Cet article est le cinquième et dernier texte faisant la rétrospective complète de la discographie de David Bowie. Cliquez ici pour lire le quatrième.

« ‘Hours…’ » – Survive
Cet album conclue une décennie mouvementée avec une approche beaucoup, mais beaucoup plus minimaliste, à mille lieux des expérimentations des derniers albums. On pourrait dire que cet opus est du David Bowie « classique » (sans toutefois être au niveau des autres classiques), alors que telle ou telle chanson peut rappeler différentes époques de sa grande carrière. Peut-être Bowie, alors âgé de 52 ans, se sert-il de son passé pour aller de l’avant? La plus réussie de ces aventures nostalgiques est certainement la superbe Survive, dont l’ambiance folk aurait trouvé sa place sur « Hunky Dory ». La guitare de Reeves Gabrels rappelle cependant l’époque un peu plus hard rock de « Ziggy Stardust ». Seven, Thursday’s Child et The Pretty Things Are Going To Hell valent également le détour.

« Heathen » – Slip Away
Sur cet album sorti en 2002, Bowie renoue avec Tony Visconti et offre son meilleur album depuis « Scary Monsters ». La présence de Visconti donne une sonorité pleine de cohésion et de cohérence proche du Bowie des années 70 (sans être datée non plus). Le travail du duo donne une très belle constance à cet album, qu’on retrouvait peu durant les deux dernières décennies. Bowie s’entoure aussi très bien, notamment en faisant appel aux guitaristes Carlos Alomar, Dave Grohl et Pete Townshend. Plusieurs chansons retiennent l’attention sur « Heathen », dont Sunday, Slow Burn et A Better Future, mais je choisis ici Slip Away. Cette superbe ballade est magnifiquement arrangée, avec piano, cordes et chœur. Bowie parle d’une série télévisée de jadis, The Uncle Floyd Show. Il se sert de ce sujet pour aborder de manière mélancolique et méditative la question du passé qui fuit. La performance de Bowie donne une qualité intemporelle à cette pièce, comparable à certains de ses autres classiques.

david bowie 2002

David Bowie en 2002

« Reality » – Bring Me The Disco King
Continuant sur la lancée du précédent album, cet opus sort l’année suivante et est encore réalisé par Visconti. Avec beaucoup de mordant, le son évoque toujours le passé de Bowie, sans se répéter ou sonner dépassé. Même si on retrouve plusieurs bons morceaux, « Reality » est un peu moins réussi que « Heathen ». Bowie ne s’assied pas sur ses lauriers pour autant : il continue d’expérimenter et va encore ailleurs. Si New Killer Star aurait pu se retrouver sur « Low » et She’ll Drive The Big Car aurait été à sa place sur « Lodger », Bring Me The Disco King est particulièrement originale. Bowie a écrit cette pièce au début des années 90, mais n’avait jamais pu trouver la bonne manière de l’enregistrer jusqu’à cette version dépouillée. Le piano de Mike Garson donne une sonorité jazz avant-gardiste, et le croon plaintif de Bowie apporte une ambiance théâtrale et dramatique.
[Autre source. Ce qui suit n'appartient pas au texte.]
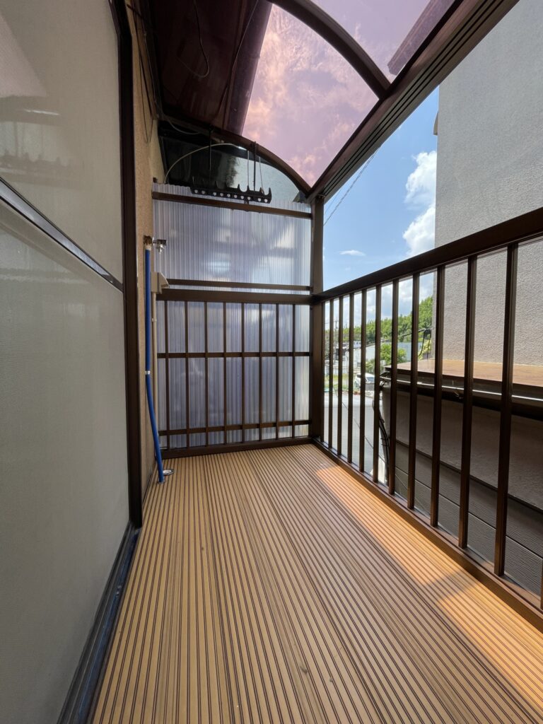 ベランダには、新しめのブラウンの樹脂パネル(ポリカ) が取り付けられており、ベランダから名神道路へと繋がっていく道が見えます。
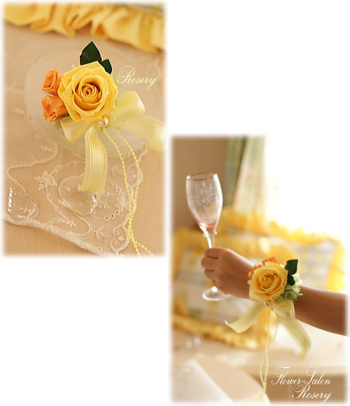 淡い黄色のドレスに合わせます。
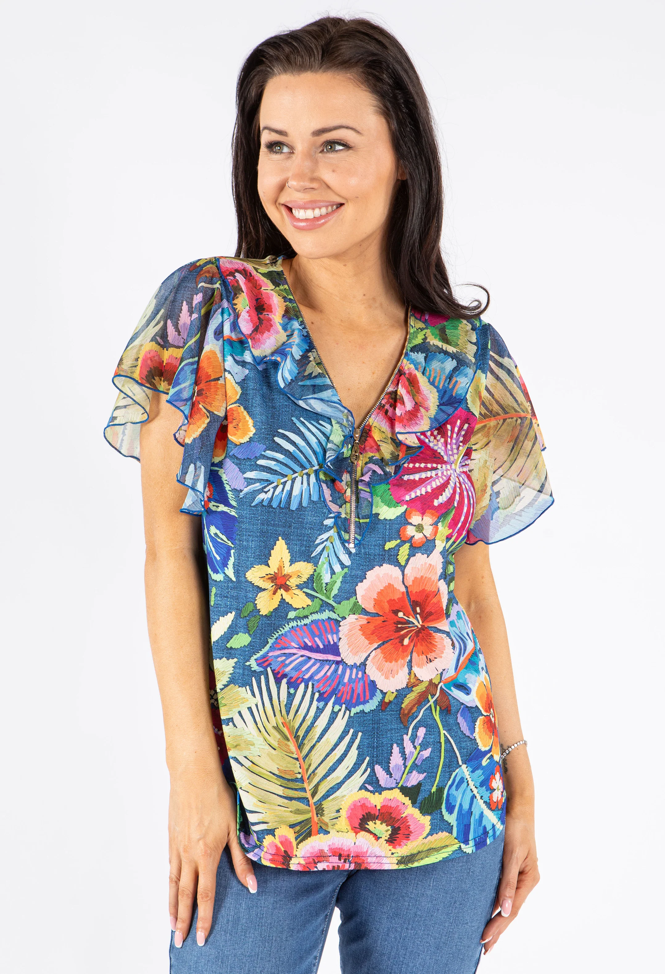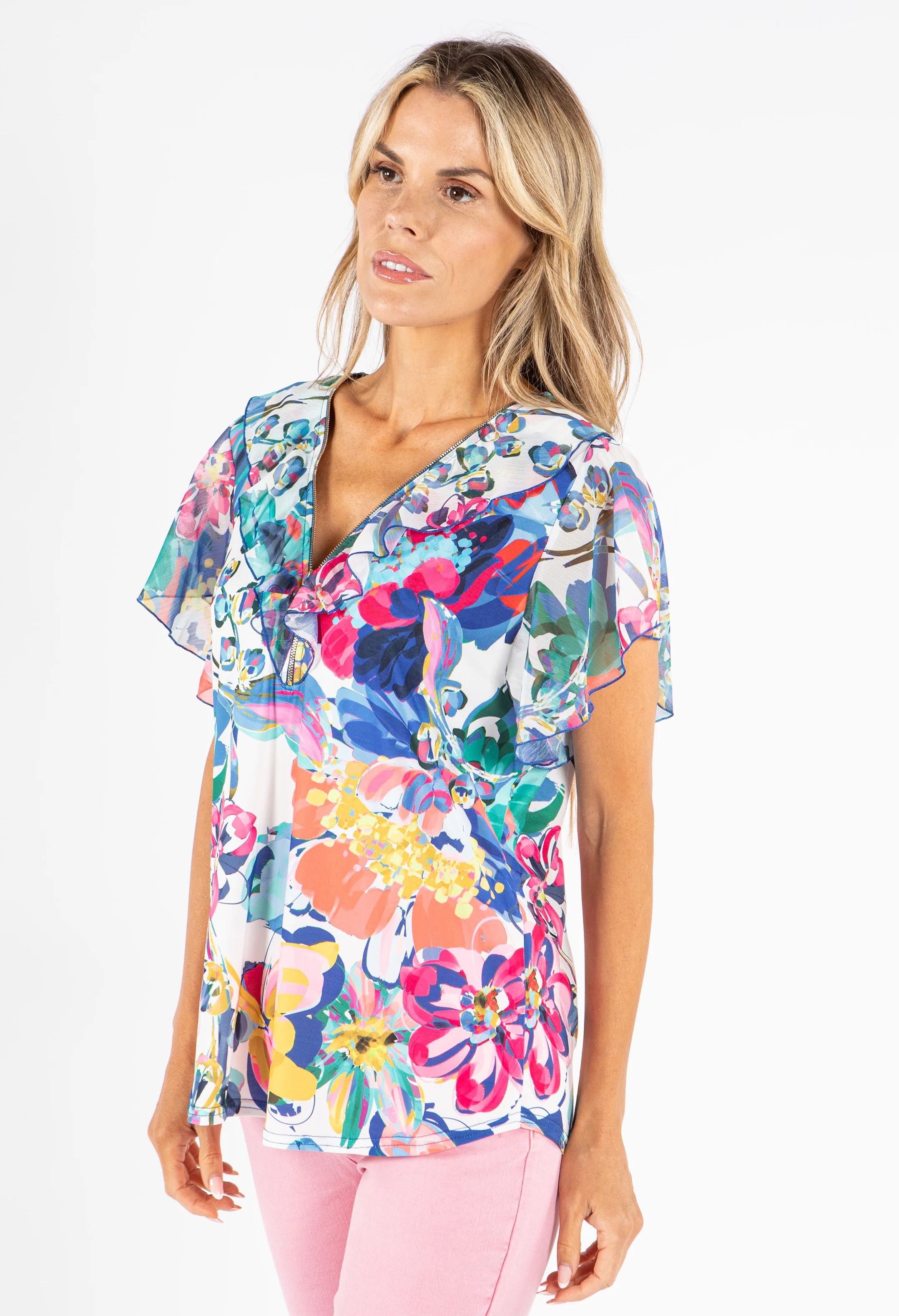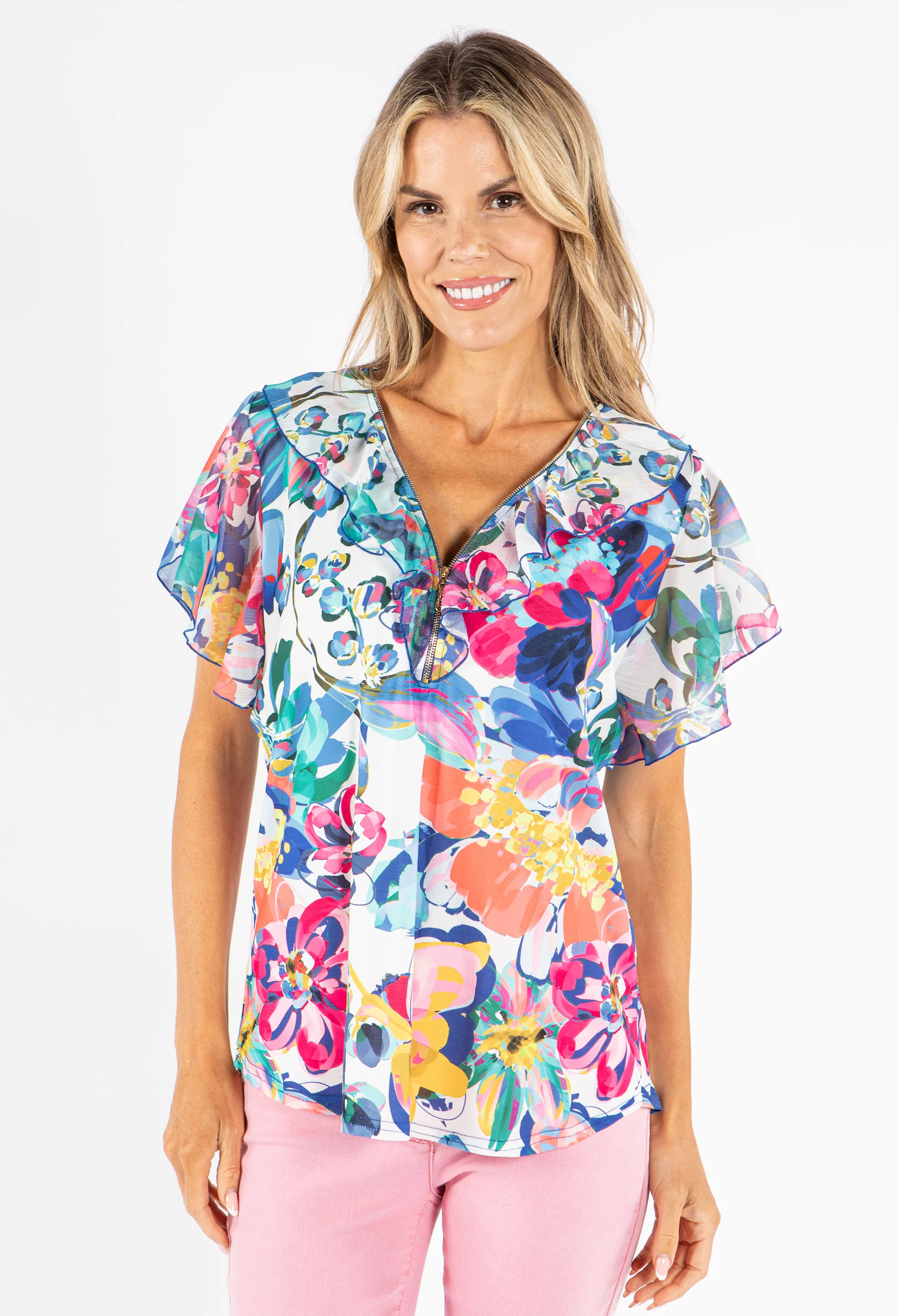 Zip-Up Floral Print Blouse

« The Next Day » – Where Are We Now?
Sorti de nulle part, alors que plus personne n’attendait rien de Bowie après des problèmes de santé et un long silence, cet album est paru deux mois après ses 66 ans, en mars 2013. Bowie s’est encore allié à Tony Visconti sur cet album de rock relativement conventionnel. Si la musique est conventionnelle, elle n’est toutefois pas du tout ennuyante ou fade. Le sens mélodique du Thin White Duke est intact, dix ans après la sortie de son dernier album. The Stars (Are Out Tonight) a une revigorante énergie, tout comme The Next Day, How Does the Grass Grow? et Dancing Out In Space. La voix de Bowie a certes vieilli, mais reste juste et capable de véhiculer toutes sortes d’émotions. On le sent d’ailleurs très fragile sur la superbement nostalgique Where Are We Now?, qui avait eu droit à un clip au visuel surréaliste et aux paroles évocatrices ancrées dans le passé berlinois de Bowie.

David-Bowie 2013

David Bowie en 2013

« Blackstar » – Lazarus
Cet album, le 25e et dernier de Bowie, est paru le jour de ses 69 ans. On ne le savait pas, mais Bowie vivait ses dernières heures à ce moment. À la surprise générale, il est décédé deux jours après la sortie de « Blackstar » (« ★ »pour les formalistes). Dans ces circonstances, il est difficile de se faire une idée claire et objective de son chant du cygne. On peut quand même fortement présumer que Bowie se savait mourant et écrivait son testament musical. Encore réalisé par Visconti, cet opus est autrement plus expérimental et complexe que le précédent, alors que Bowie s’est entouré de musiciens jazz de New York. Sue (Or in a Season of Crime), I Can’t Give Everything Away et Blackstar montrent qu’il est encore capable de nous surprendre et de réaliser des arrangements éclatants. Lazarus est toutefois la pièce qu’on retient de cet album, tant par son clip troublant que par ses paroles prophétiques qui donnent froid dans le dos : « Look up here, I’m in heaven, I’ve got scars that can’t be seen, I’ve got drama that can’t be stolen. Everybody knows me now ».

Près de 50 ans après son premier album, « Blackstar » conclut donc l’une des plus grandes carrières artistiques depuis l’après-guerre. Paraît-il que Bowie avait encore plusieurs autres projets en tête. Qui sait ce qu’il aurait pu produire s’il avait vécu 10 ou 20 ans de plus? On ne le saura jamais, mais ce qu’on sait, c’est que ses 25 albums, à quelques exceptions près, sont d’une qualité exceptionnelle. Il était certes un caméléon qui s’imprégnait de ce qui l’entourait. On ne peut pas dire qu’il a inventé des styles musicaux, mais il s’en est emparé avec son habituelle créativité et son immense talent pour en faire des synthèses originales qui ont marqué les esprits. Sa voix, polyvalente et au registre large, lui a également permis de se démarquer.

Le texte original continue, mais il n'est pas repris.